**Problem**. The records below are to be transcribed exactly from their first line to the line that has "105 x 140 cm", inclusive, with every picture omitted.

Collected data
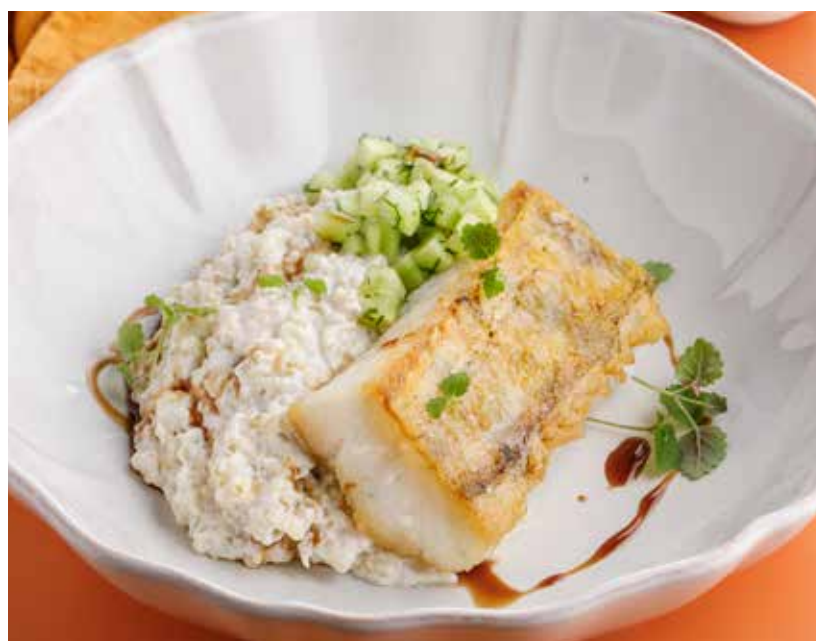
СУДАК С КИНОА И ТАРТАРОМ ИЗ ОГУРЦОВ 1190 Р

Pike perch with quinoa and cucumber tartare
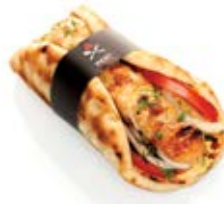
Χειροποίητο σουβλάκι κοτόπουλο
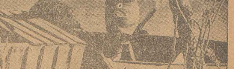
El trabajo de los pescadores de las islas es prácticamente desconocido. El film proyectado tiende a documentar claramente sobre cuanto actividad desarrolle el hombre de la orilla...
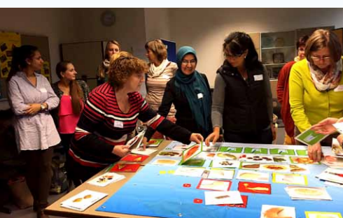
MiMi-Mediatorin und Teilnehmer in Fürth

Mit eigener Migrationserfahrung, dem Wissen über die Ernährungsgewohnheiten ihrer Landsleute sowie über mögliche Zugangshindernisse und Ressourcen konnten die Mediatorinnen als Dialogpartner manche Denkanstöße geben.
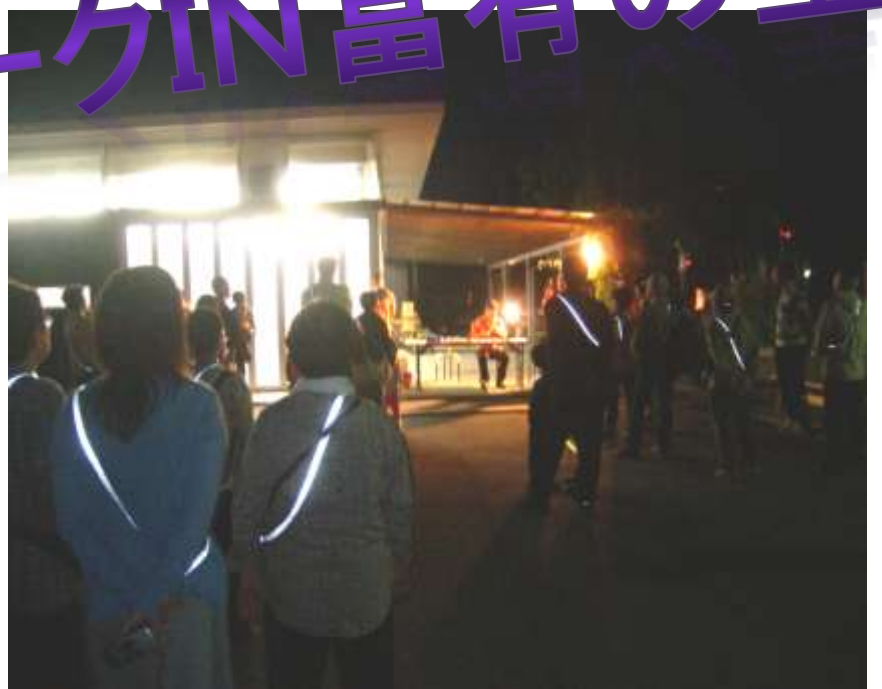
開会式(えぷろん広場)
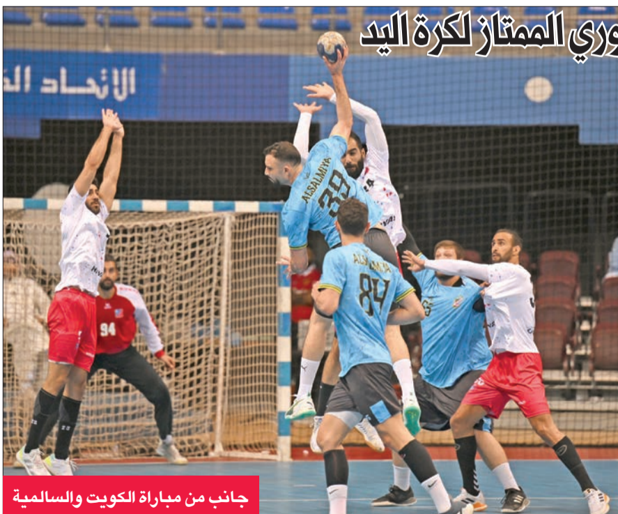
جانب من مباراة الكويت والسالمية
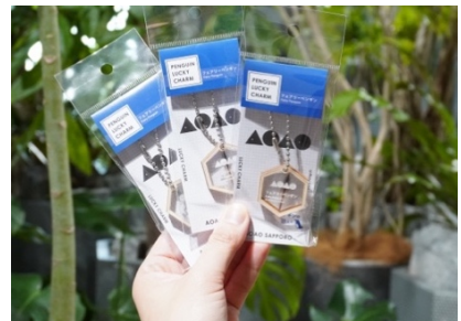
【ペンギンラッキーチャーム フェアリーペンギン Ver.】
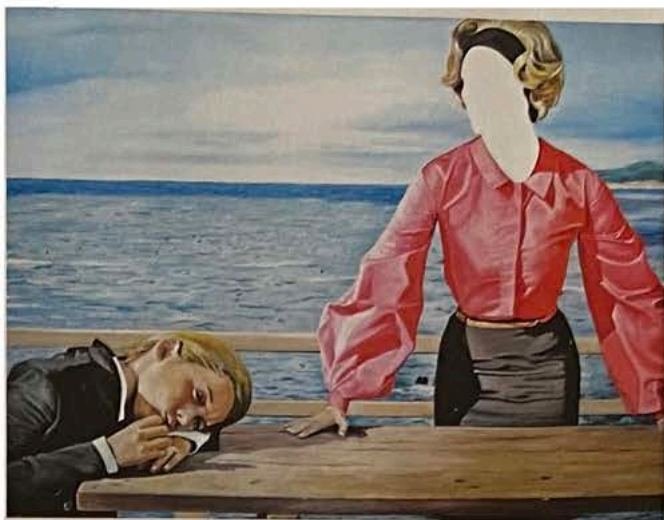
◀ Gesichtslos Constantin Schroeder, „Am Meer“, 2014, Öl auf Leinwand, 105 x 140 cm
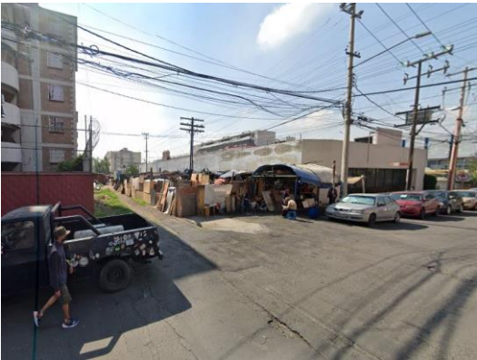
Parte frontal del cómo se veían las casas de madera y lamina
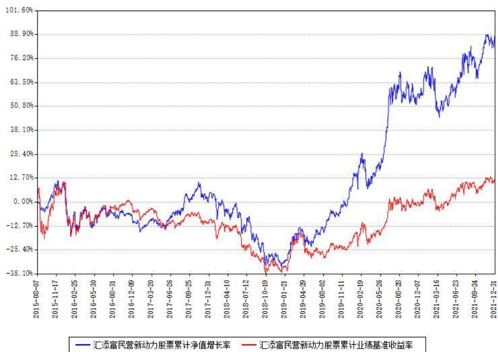
汇添富民营新动力股票累计净值增长率与同期业绩基准收益率对比图
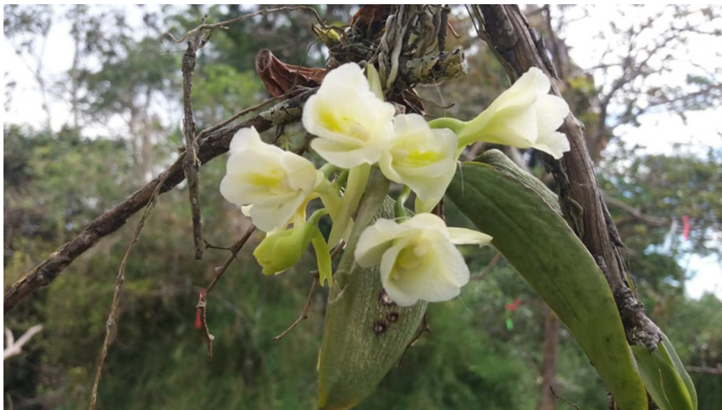
Figura 1. Rodriguezia granadensis , fenotipo de flores blancas, en el sitio del estudio.

Las plantas de R. granadensis , se encontraron creciendo sobre árboles de guayaba ( P. guajava L.), como forofitos, que concuerda con los resultados obtenidos en la investigación de Ventre-Lespiauq et al. (2017), realizada en un parque natural de bosque tropical andino y de Arévalo et al. (2011), en las epífitas de ramita Hirtzia escobarii y Rodriguezia lehmannii , en Cundinamarca y Risaralda,
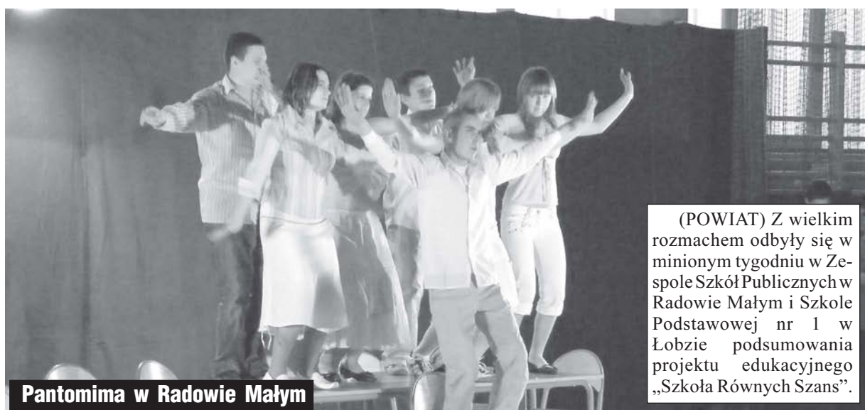
Pantomima w Radowie Małym

(POWIAT) Z wielkim rozmachem odbyły się w minionym tygodniu w Zespole Szkół Publicznych w Radowie Małym i Szkole Podstawowej nr 1 w Łobzie podsumowania projektu edukacyjnego „Szkoła Równych Szans”.
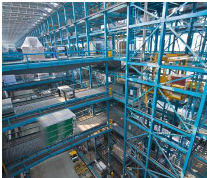
Slika 12. CSS sustav za kontejnerski teret
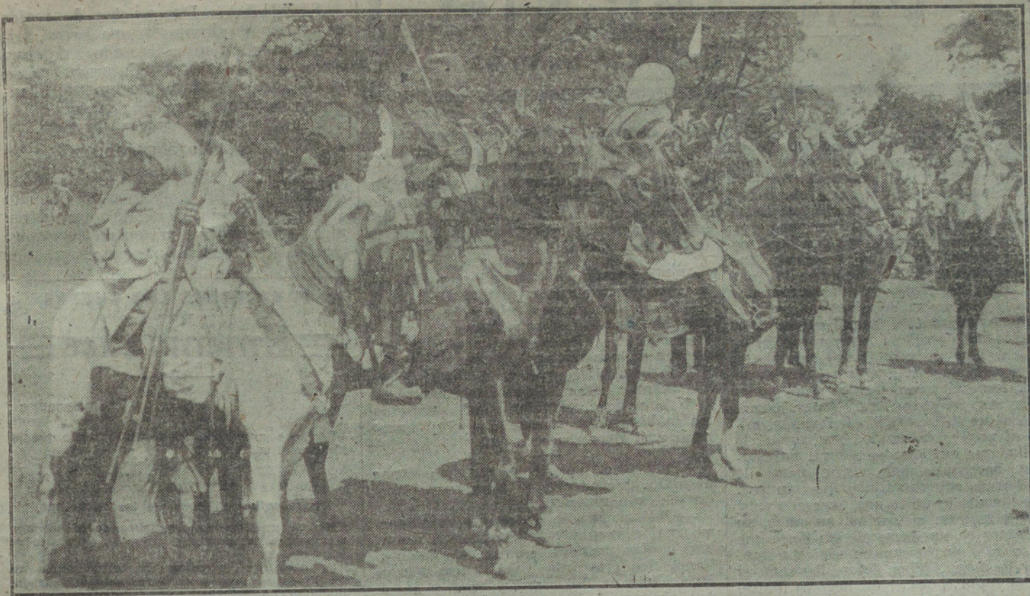
LA GUERRA PINTOUESCA.—Tropas de color, en el Campeon, durante una revista militar.

De su puerta principal, otra vía, llamada triunfal, irá a dicho paseo, que divide la Exposición en dos grandes secciones: la inferior y la superior. Y este transporte de tierras, esa ver-
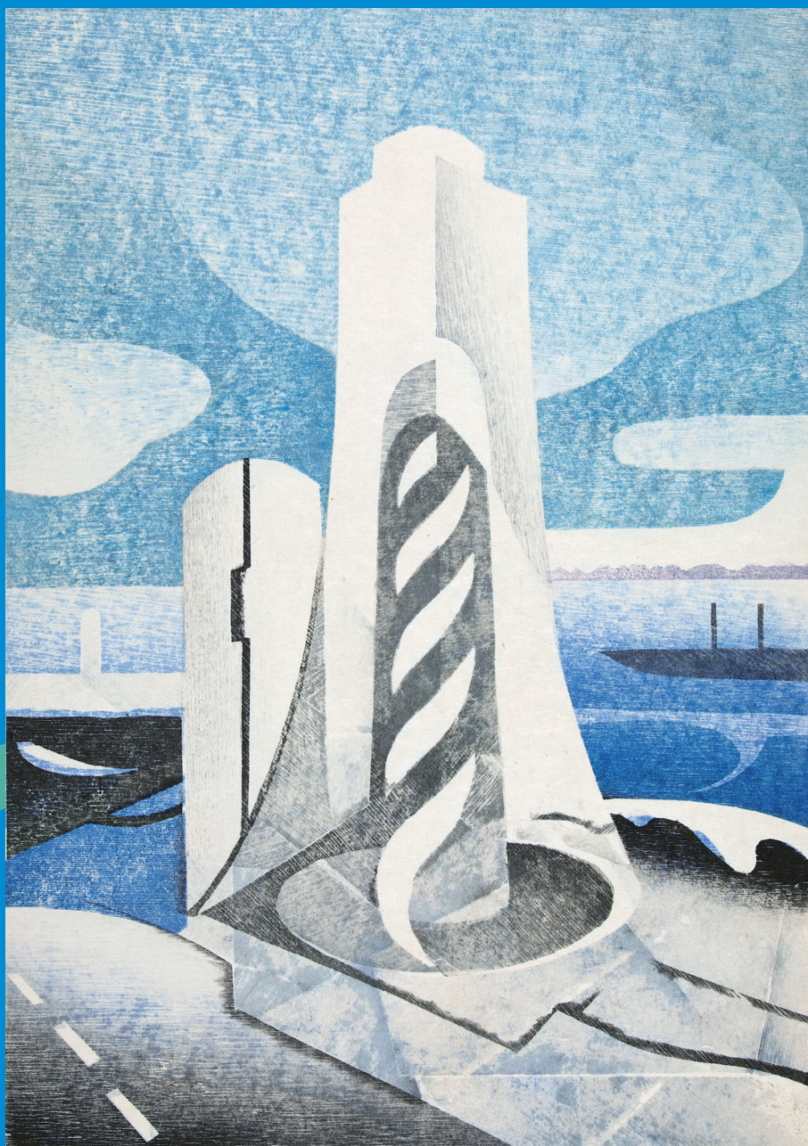
由木礼《MM21 Plaza》1988年／木版(水性多色刷り)／64.7×46.6cm

いくつか版を組み合わせ、色を摺り重ねていき、小さな和紙にあなただけの水辺の情景をあらわしてみませんか? ぼかし等、木版ならではの技法が体験できます。
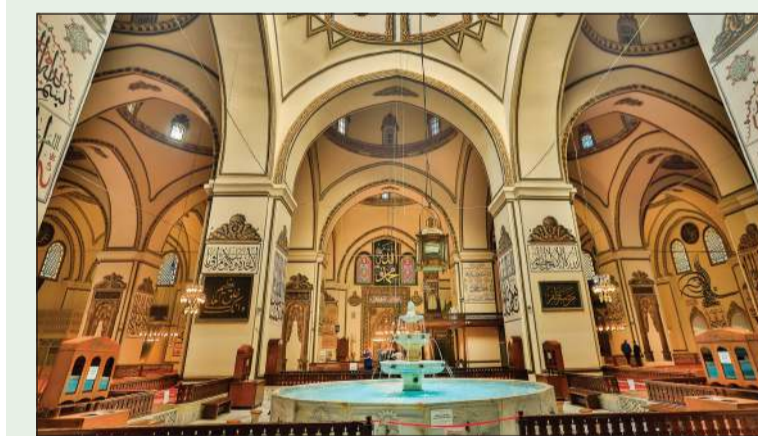
أحد المساجد التاريخية في المدينة

ويعكس هذا الإنجاز المكانة الريادية لبنك الخليج في مجال التحول الرقمي، وقدرته على تقديم حلول مصرفية تعتمد على أحدث التقنيات العالمية، وذلك عبر تنفيذ استراتيجيته الرقمية الطموحة التي تركز على تحسين تجربة العملاء ورفع مستوى الكفاءة التشغيلية. تماشياً مع أهداف التحول الرقمي، حافظ بنك الخليج
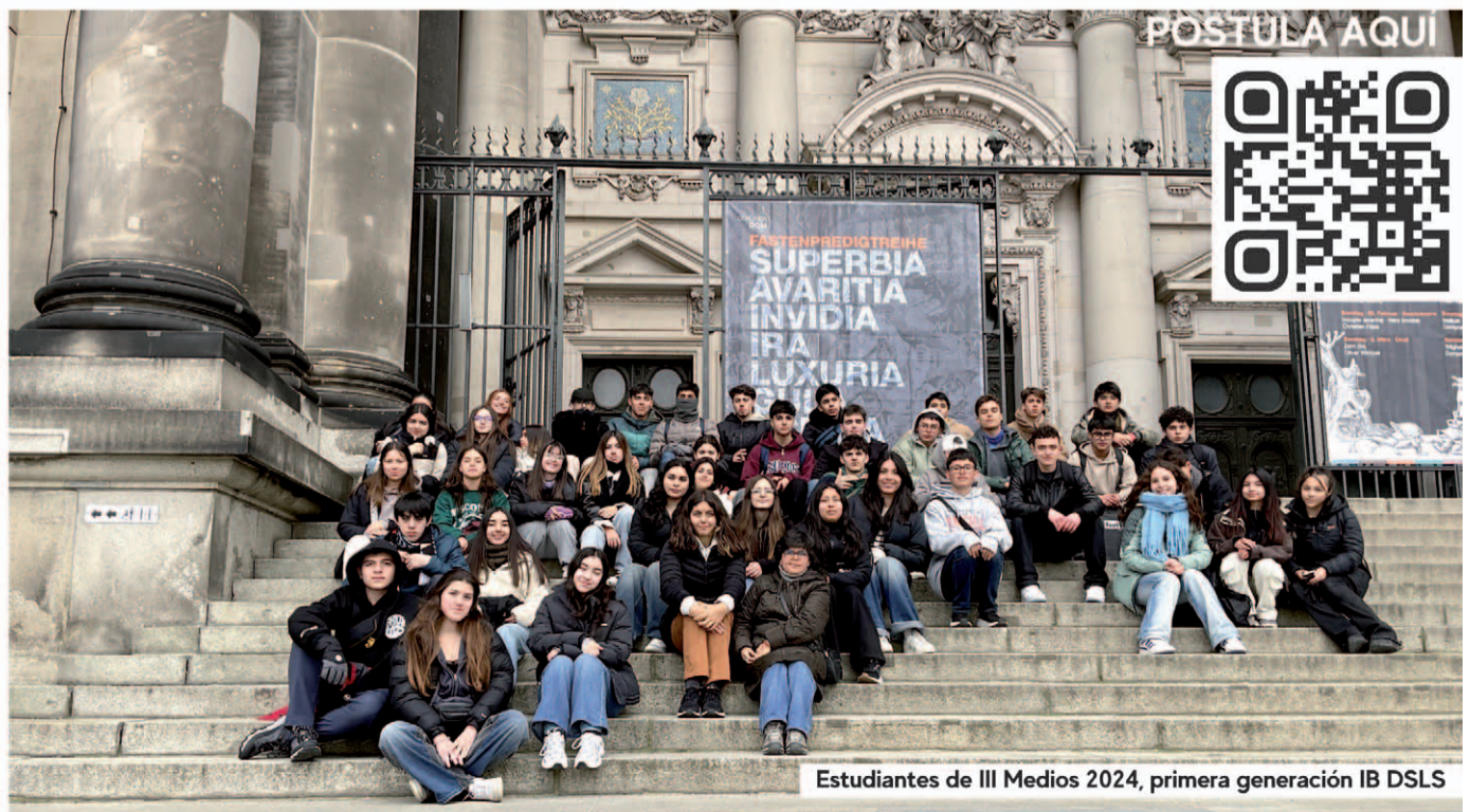
Estudiantes de III Medios 2024, primera generación IB DSLS

De igual forma, seguirá trabajando por la promoción de la lengua, tradiciones y cultura alemana, con el objetivo de desarrollar, aún más, el perfil internacional entre sus alumnos.

**Output**.
СУДАК С КИНОА И ТАРТАРОМ ИЗ ОГУРЦОВ 1190 Р

Pike perch with quinoa and cucumber tartare
Χειροποίητο σουβλάκι κοτόπουλο
El trabajo de los pescadores de las islas es prácticamente desconocido. El film proyectado tiende a documentar claramente sobre cuanto actividad desarrolle el hombre de la orilla...
MiMi-Mediatorin und Teilnehmer in Fürth

Mit eigener Migrationserfahrung, dem Wissen über die Ernährungsgewohnheiten ihrer Landsleute sowie über mögliche Zugangshindernisse und Ressourcen konnten die Mediatorinnen als Dialogpartner manche Denkanstöße geben.
開会式(えぷろん広場)
جانب من مباراة الكويت والسالمية
【ペンギンラッキーチャーム フェアリーペンギン Ver.】
◀ Gesichtslos Constantin Schroeder, „Am Meer“, 2014, Öl auf Leinwand, 105 x 140 cm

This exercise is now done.